- Task to carry out
Reproduce the listing below from the line with "Rufen Sie die" to the line with "ナチュラルビューティーベーシック NATURAL BEAUTY", both lines included, character for character, minus any pictures.

- Supplied records
↓↓↓
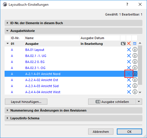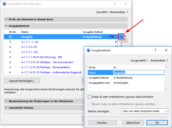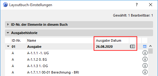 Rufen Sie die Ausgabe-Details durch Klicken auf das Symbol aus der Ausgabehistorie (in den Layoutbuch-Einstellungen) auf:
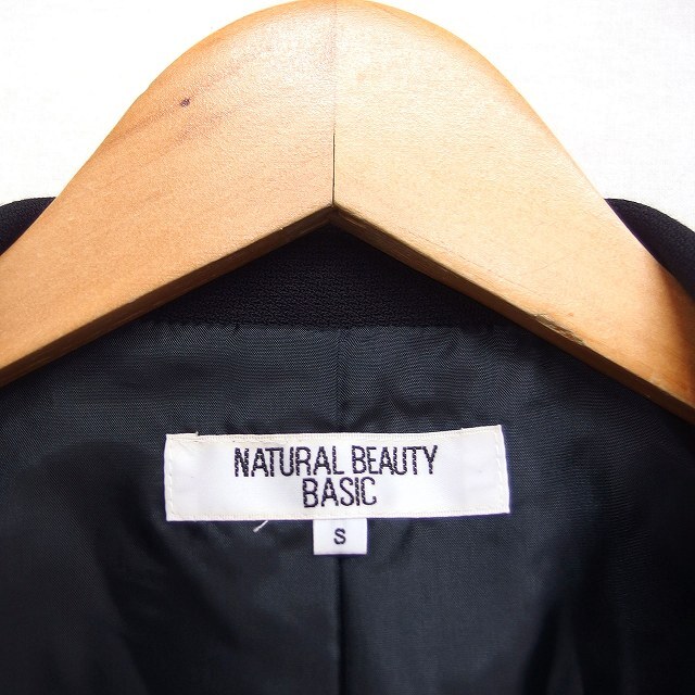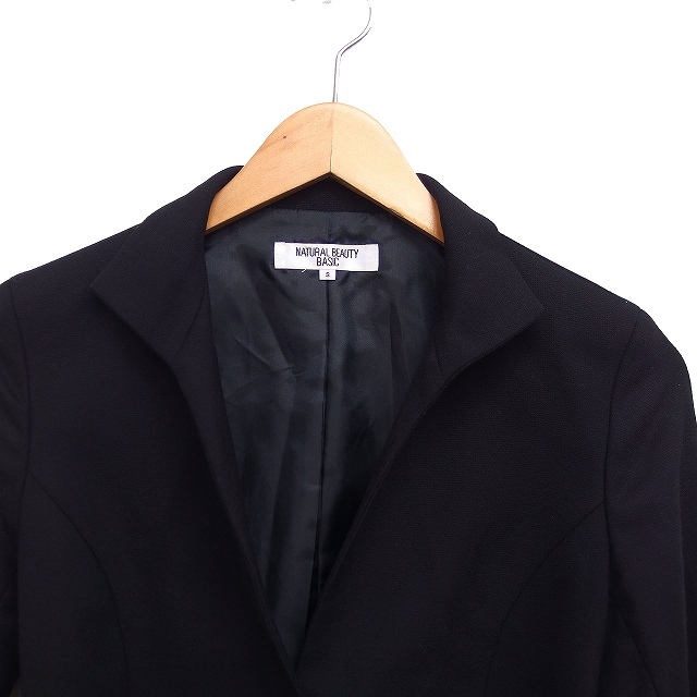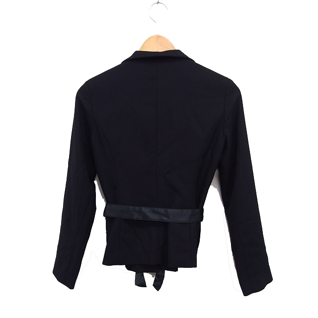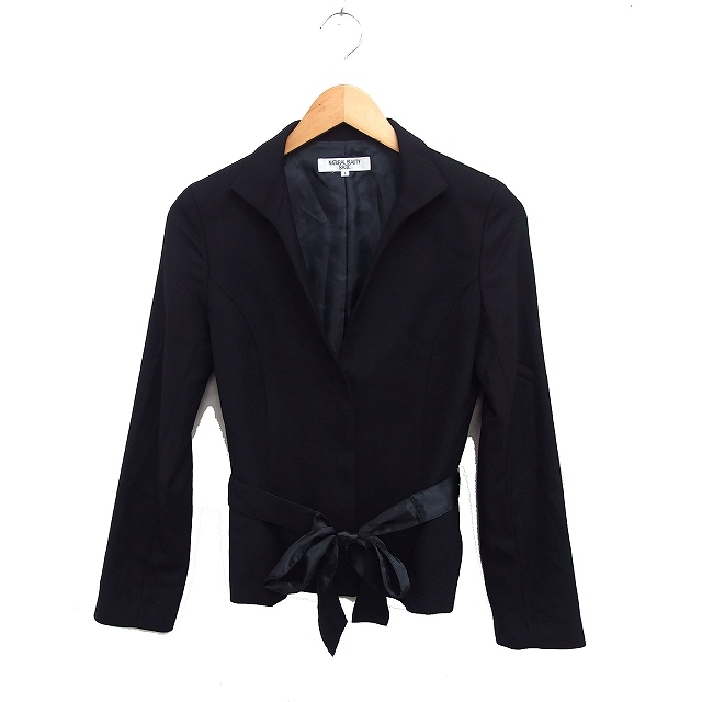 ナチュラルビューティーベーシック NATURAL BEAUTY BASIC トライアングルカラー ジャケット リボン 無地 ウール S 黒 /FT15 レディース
↑↑↑
↓↓↓
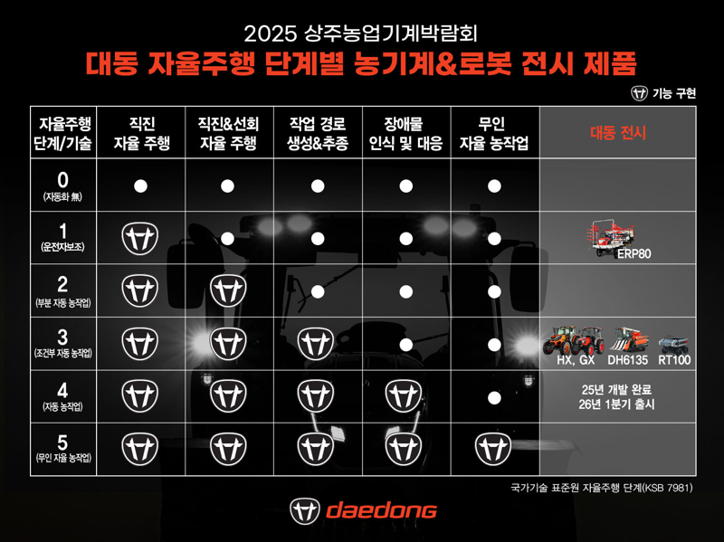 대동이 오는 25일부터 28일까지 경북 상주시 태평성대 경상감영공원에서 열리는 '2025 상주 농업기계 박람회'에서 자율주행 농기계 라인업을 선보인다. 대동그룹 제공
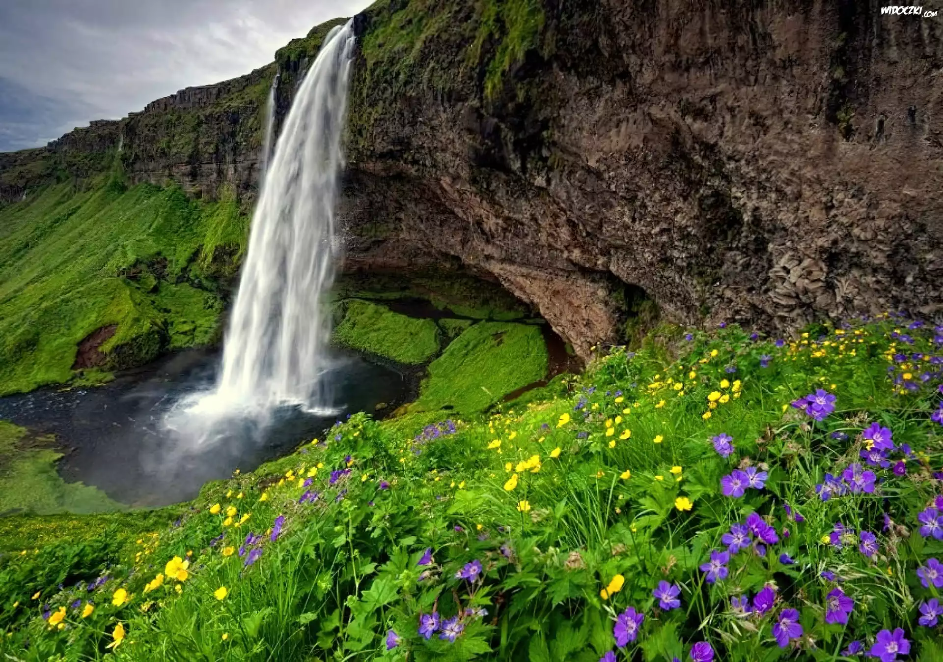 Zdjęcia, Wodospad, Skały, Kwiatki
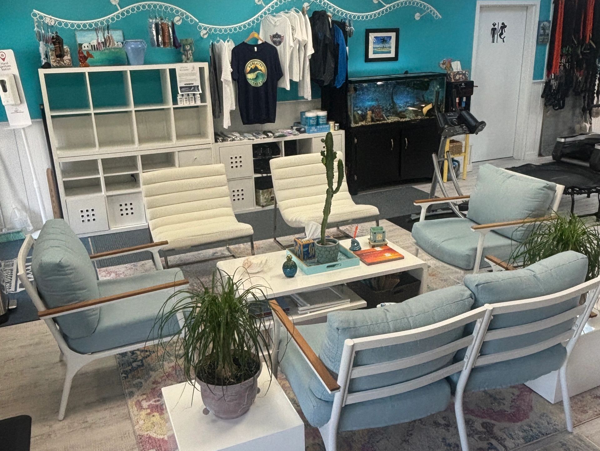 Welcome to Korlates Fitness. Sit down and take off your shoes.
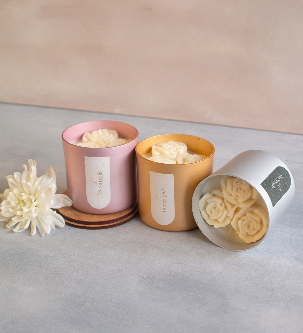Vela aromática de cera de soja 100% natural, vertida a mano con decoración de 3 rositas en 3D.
↑↑↑
- Answer for this exercise
 Rufen Sie die Ausgabe-Details durch Klicken auf das Symbol aus der Ausgabehistorie (in den Layoutbuch-Einstellungen) auf:
 ナチュラルビューティーベーシック NATURAL BEAUTY BASIC トライアングルカラー ジャケット リボン 無地 ウール S 黒 /FT15 レディース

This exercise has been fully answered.